Je la veux obscurcir d’une nuit éternelle,
Puisque je suis si loin de mon heureux soleil,
Car sans âme je vis, sans poumon je respire,
Et absent de mon bien mon douloureux martyre
Ensevelit mon cœur sous l’oublieux sommeil.
Je vis, je ne vis pas, je meurs, je ne meurs pas,
Il n’y a point de vie, il n’est point de trépas,
Mais un ingrat destin sans cesse me tourmente,
Car je ne puis mourir pource que * je suis mort,
Et je ne suis pas mort, pour autant que mon sort
Fait qu’encore dans moi un vain esprit se sente.

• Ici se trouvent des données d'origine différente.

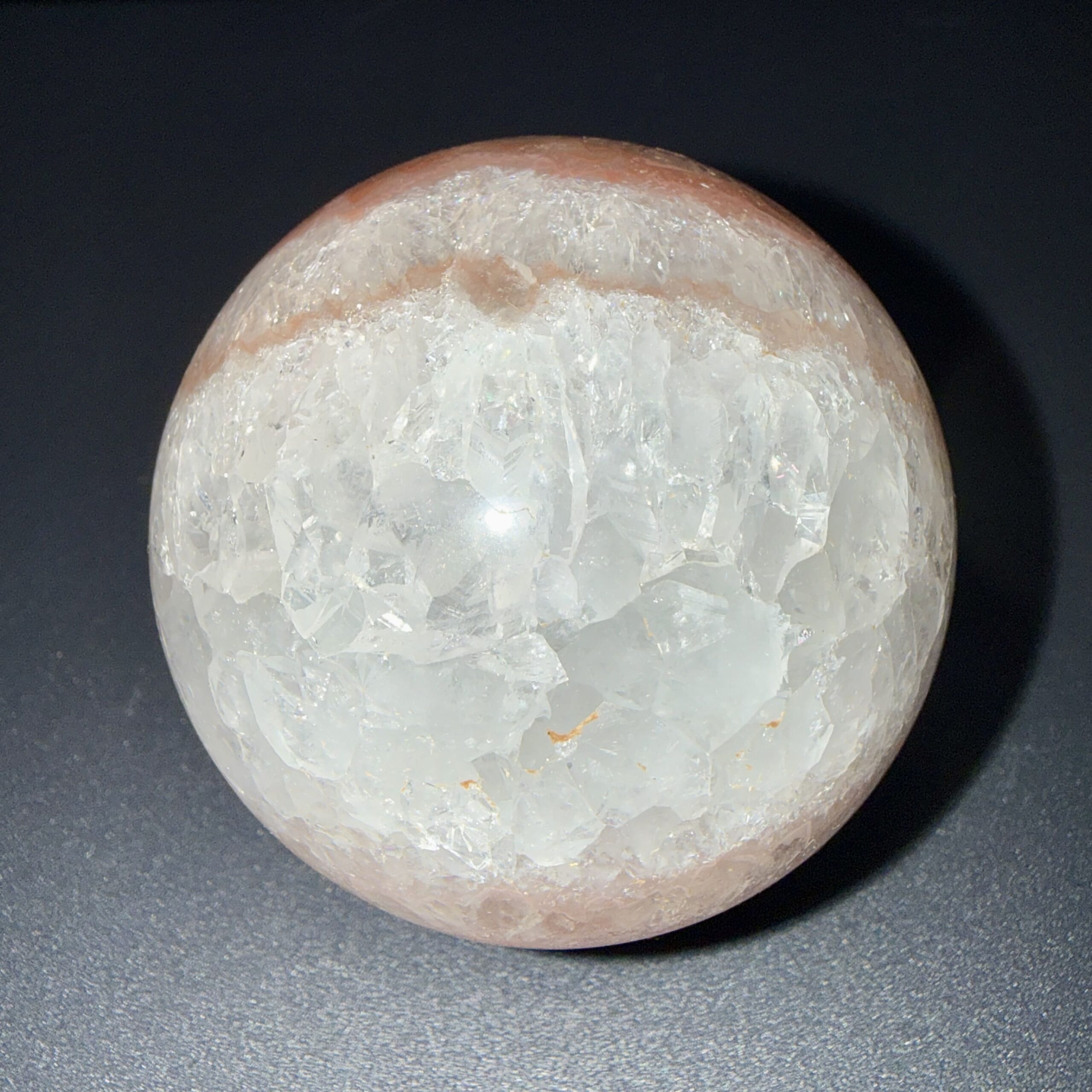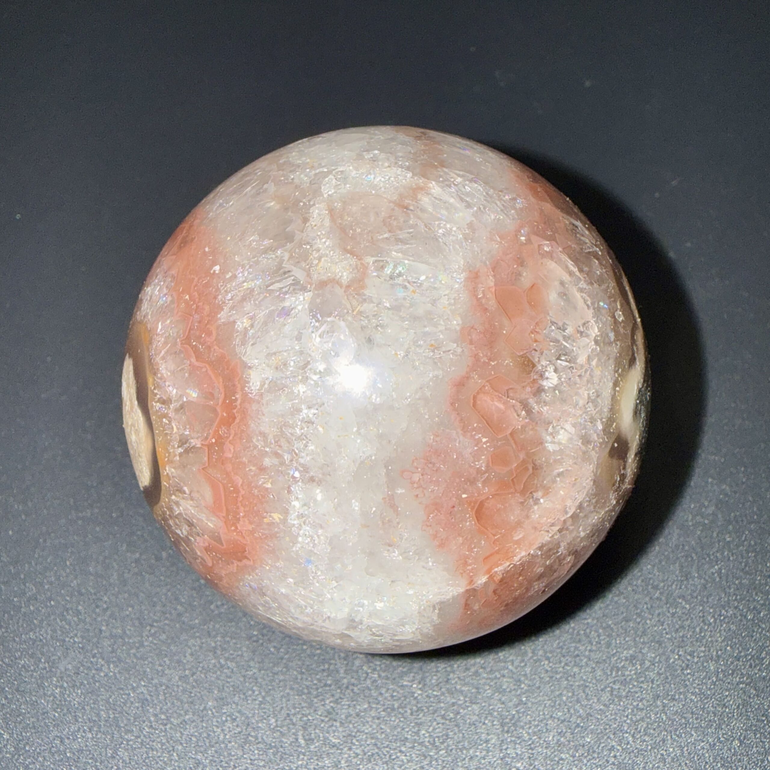 Sphère en agate crazy lace naturelle, polie pour révéler la douceur de ses nuances et la beauté de la pierre. Une pièce minérale élégante, idéale en décoration, en collection ou à offrir.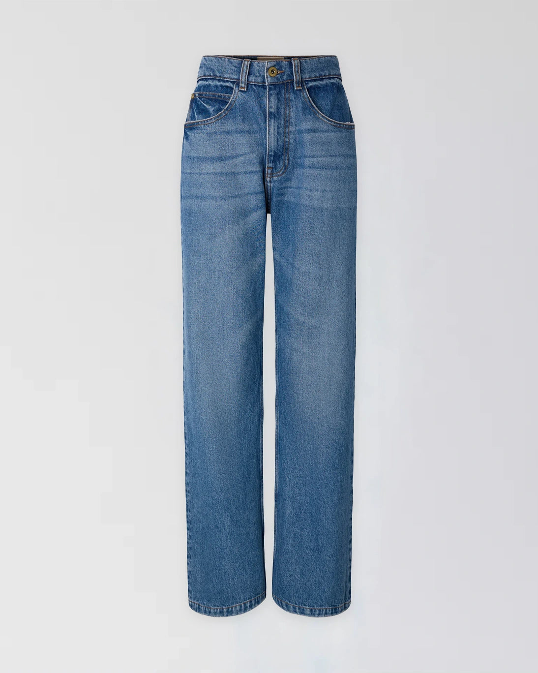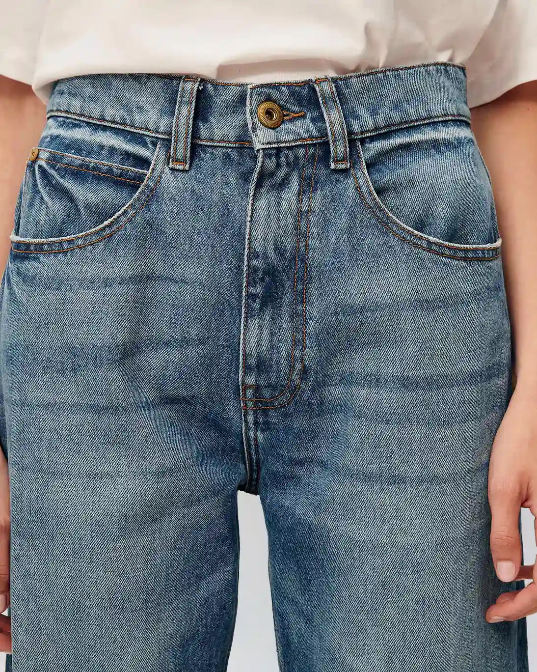 Pantalón vaquero Sailnim de la marca Sessùn. El tiro es medio-alto y pernera es amplia en tejido denim lavado. El cierre es de botón y cremallera oculta en la cintura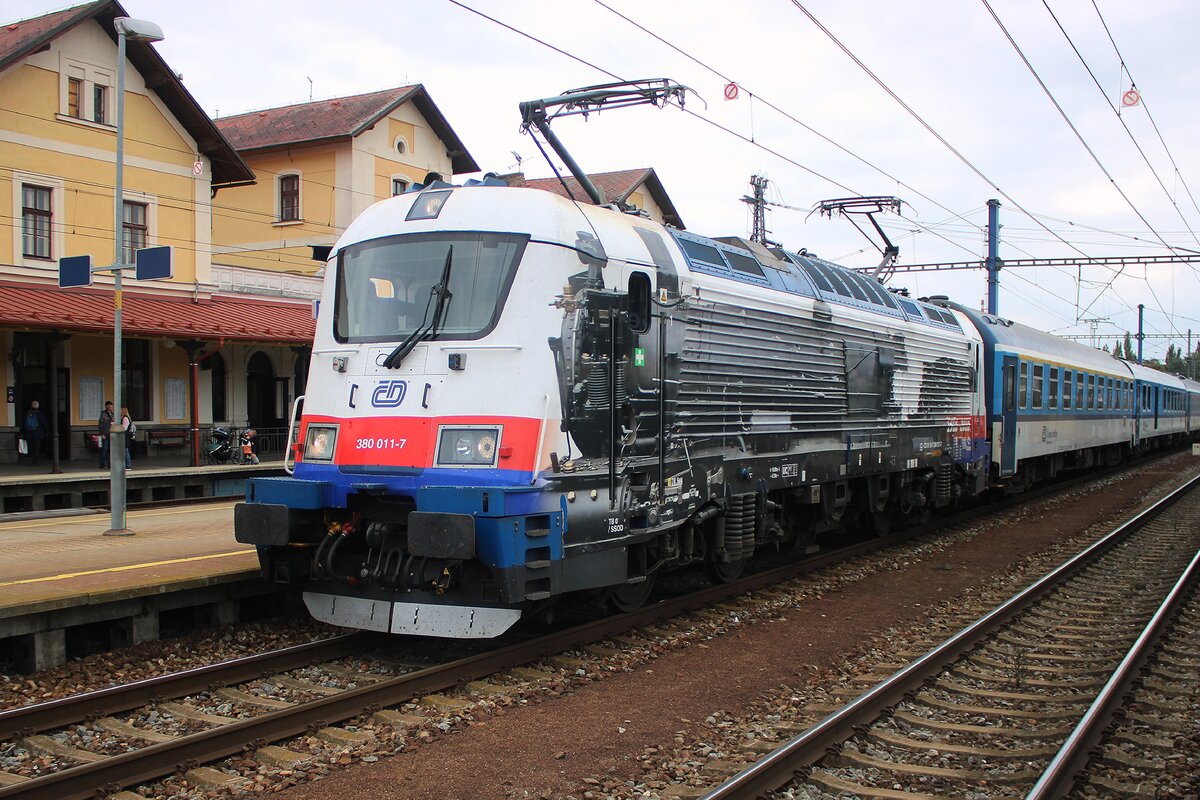 CD 380 013 treft mit ein EC aus Linz Hbf am 27 September 2025 in Benesov u Prahy ein.

Je ne suis pas vivant, pour autant que mon cœur
Ne reçoit mouvement, puissance ni chaleur,
Que des heureux brasiers que l’amour y attise :
Je ne suis pas éteint, je ne fais que languir,
Pressé de mon tourment : car je ne puis mourir
Si loin de la beauté dont la vie j’ai prise.
Éloigné de mon feu je ne puis m’attiser, Éloigné de ma mort je ne puis expirer,
Ainsi faut que je vive et faut que je trépasse,
En ma vie est ma mort, en mon bien ma douleur,
En ma nuit ma lumière, en mon mal mon bonheur,
Ainsi mon sort divers même soin me compassé.
Celle qui a ravi par sa force mon cœur,
Qui le fait vivre en moi par sa douce rigueur,
Et qui par ses beaux yeux humblefière * le tue,
L’ôte cruellement, le remet doucement,
Me l’arrache humblement, me le rend fièrement,
Gouvernant mes destins d’une sorte inconnue.